*** Opening Data section ***

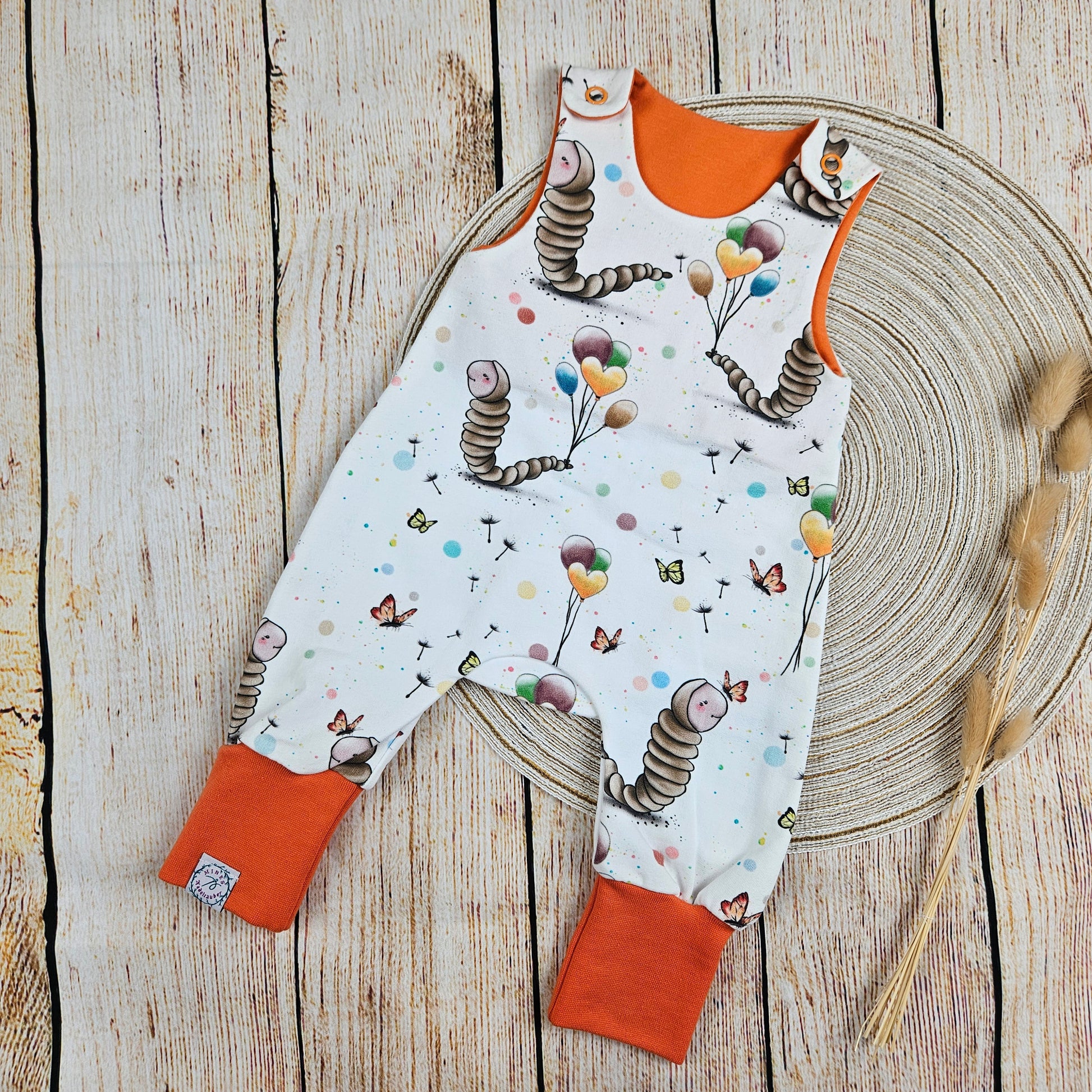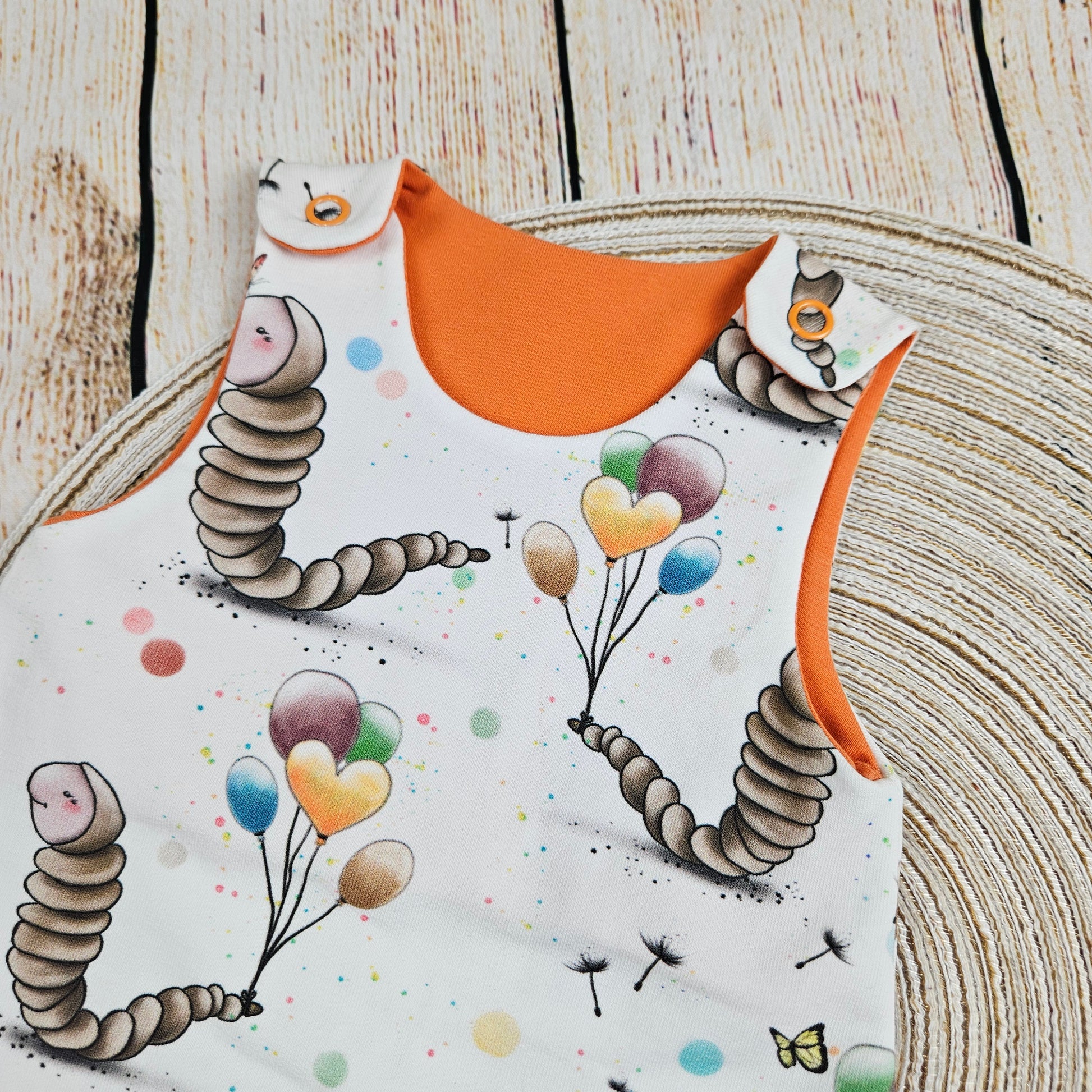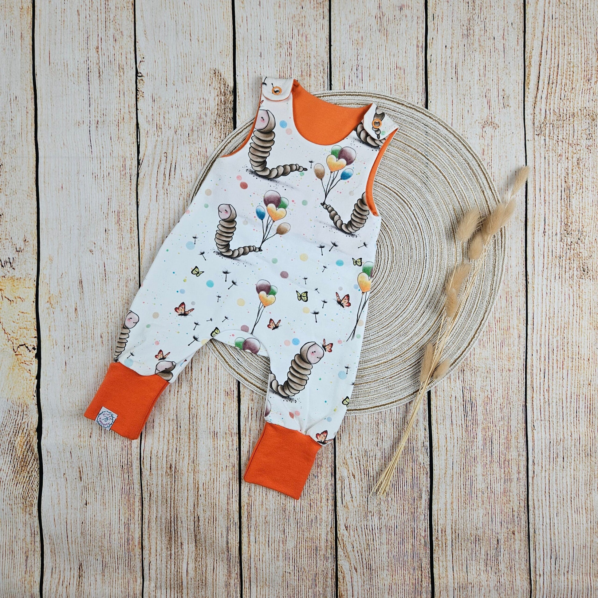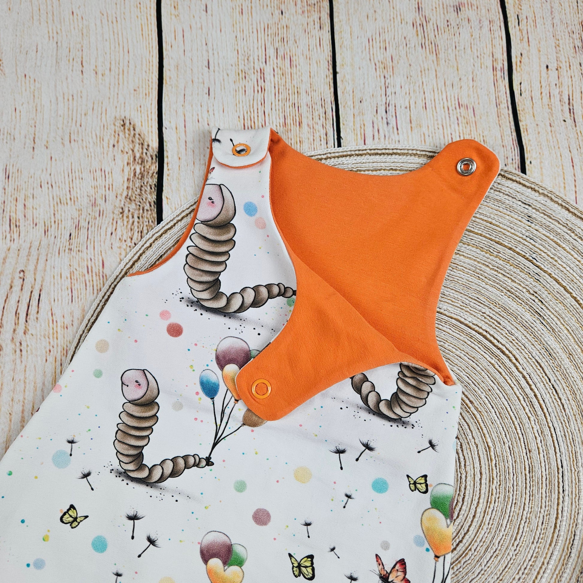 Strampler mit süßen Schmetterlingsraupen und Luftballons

*** Closing Data section ***
*** Opening Data section ***

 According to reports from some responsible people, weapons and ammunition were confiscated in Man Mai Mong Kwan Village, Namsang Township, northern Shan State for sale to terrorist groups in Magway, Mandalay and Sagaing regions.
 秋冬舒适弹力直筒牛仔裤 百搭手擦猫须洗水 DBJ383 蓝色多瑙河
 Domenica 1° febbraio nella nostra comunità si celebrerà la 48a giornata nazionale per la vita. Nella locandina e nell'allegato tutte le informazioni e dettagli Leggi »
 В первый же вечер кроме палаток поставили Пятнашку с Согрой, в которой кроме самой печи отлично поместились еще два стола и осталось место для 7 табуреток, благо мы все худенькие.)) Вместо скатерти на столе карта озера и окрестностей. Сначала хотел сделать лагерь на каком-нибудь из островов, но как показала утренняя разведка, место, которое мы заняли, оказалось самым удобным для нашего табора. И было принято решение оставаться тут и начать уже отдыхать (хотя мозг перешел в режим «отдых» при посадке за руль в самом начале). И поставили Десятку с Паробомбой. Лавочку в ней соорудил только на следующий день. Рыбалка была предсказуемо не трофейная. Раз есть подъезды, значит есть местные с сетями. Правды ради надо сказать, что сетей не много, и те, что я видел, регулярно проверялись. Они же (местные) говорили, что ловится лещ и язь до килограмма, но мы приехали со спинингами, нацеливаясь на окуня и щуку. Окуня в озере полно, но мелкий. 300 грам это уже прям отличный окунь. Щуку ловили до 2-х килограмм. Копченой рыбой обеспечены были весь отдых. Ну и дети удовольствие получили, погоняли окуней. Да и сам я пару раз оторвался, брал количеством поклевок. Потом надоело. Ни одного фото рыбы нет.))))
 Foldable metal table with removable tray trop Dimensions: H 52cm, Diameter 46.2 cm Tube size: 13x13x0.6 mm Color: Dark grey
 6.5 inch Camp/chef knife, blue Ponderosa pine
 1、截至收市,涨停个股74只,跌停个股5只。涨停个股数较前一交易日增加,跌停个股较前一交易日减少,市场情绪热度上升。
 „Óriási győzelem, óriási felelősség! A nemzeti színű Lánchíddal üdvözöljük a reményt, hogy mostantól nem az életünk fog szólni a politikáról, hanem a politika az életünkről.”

*** Closing Data section ***
*** Opening Data section ***

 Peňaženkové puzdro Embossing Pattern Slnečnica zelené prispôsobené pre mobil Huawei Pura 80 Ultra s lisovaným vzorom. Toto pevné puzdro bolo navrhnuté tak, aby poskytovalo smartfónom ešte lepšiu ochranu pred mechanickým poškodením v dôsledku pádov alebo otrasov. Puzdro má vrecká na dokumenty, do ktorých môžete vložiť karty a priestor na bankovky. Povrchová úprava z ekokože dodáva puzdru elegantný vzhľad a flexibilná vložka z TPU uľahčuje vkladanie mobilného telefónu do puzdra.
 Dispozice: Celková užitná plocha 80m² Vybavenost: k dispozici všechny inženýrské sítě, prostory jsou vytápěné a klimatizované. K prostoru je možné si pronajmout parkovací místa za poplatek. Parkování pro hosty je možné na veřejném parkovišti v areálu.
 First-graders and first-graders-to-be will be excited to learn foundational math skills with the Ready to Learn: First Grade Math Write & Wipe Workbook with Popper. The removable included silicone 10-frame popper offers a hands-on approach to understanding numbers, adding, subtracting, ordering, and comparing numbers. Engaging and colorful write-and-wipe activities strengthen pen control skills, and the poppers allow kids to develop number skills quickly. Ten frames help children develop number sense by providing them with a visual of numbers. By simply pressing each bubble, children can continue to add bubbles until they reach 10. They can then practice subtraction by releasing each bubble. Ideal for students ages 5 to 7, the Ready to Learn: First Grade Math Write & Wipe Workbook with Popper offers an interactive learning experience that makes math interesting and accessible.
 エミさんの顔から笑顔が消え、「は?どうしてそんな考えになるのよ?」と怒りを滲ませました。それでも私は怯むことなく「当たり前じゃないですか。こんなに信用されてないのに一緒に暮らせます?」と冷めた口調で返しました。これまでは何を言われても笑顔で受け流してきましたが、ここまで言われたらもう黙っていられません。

*** Closing Data section ***

> Exercise:
The response should be the listing above, limited to the lines between the one holding "Foldable metal table" and the one holding "1、截至收市,涨停个股74只", inclusive, reproduced exactly.

> Task answer:
 Foldable metal table with removable tray trop Dimensions: H 52cm, Diameter 46.2 cm Tube size: 13x13x0.6 mm Color: Dark grey
 6.5 inch Camp/chef knife, blue Ponderosa pine
 1、截至收市,涨停个股74只,跌停个股5只。涨停个股数较前一交易日增加,跌停个股较前一交易日减少,市场情绪热度上升。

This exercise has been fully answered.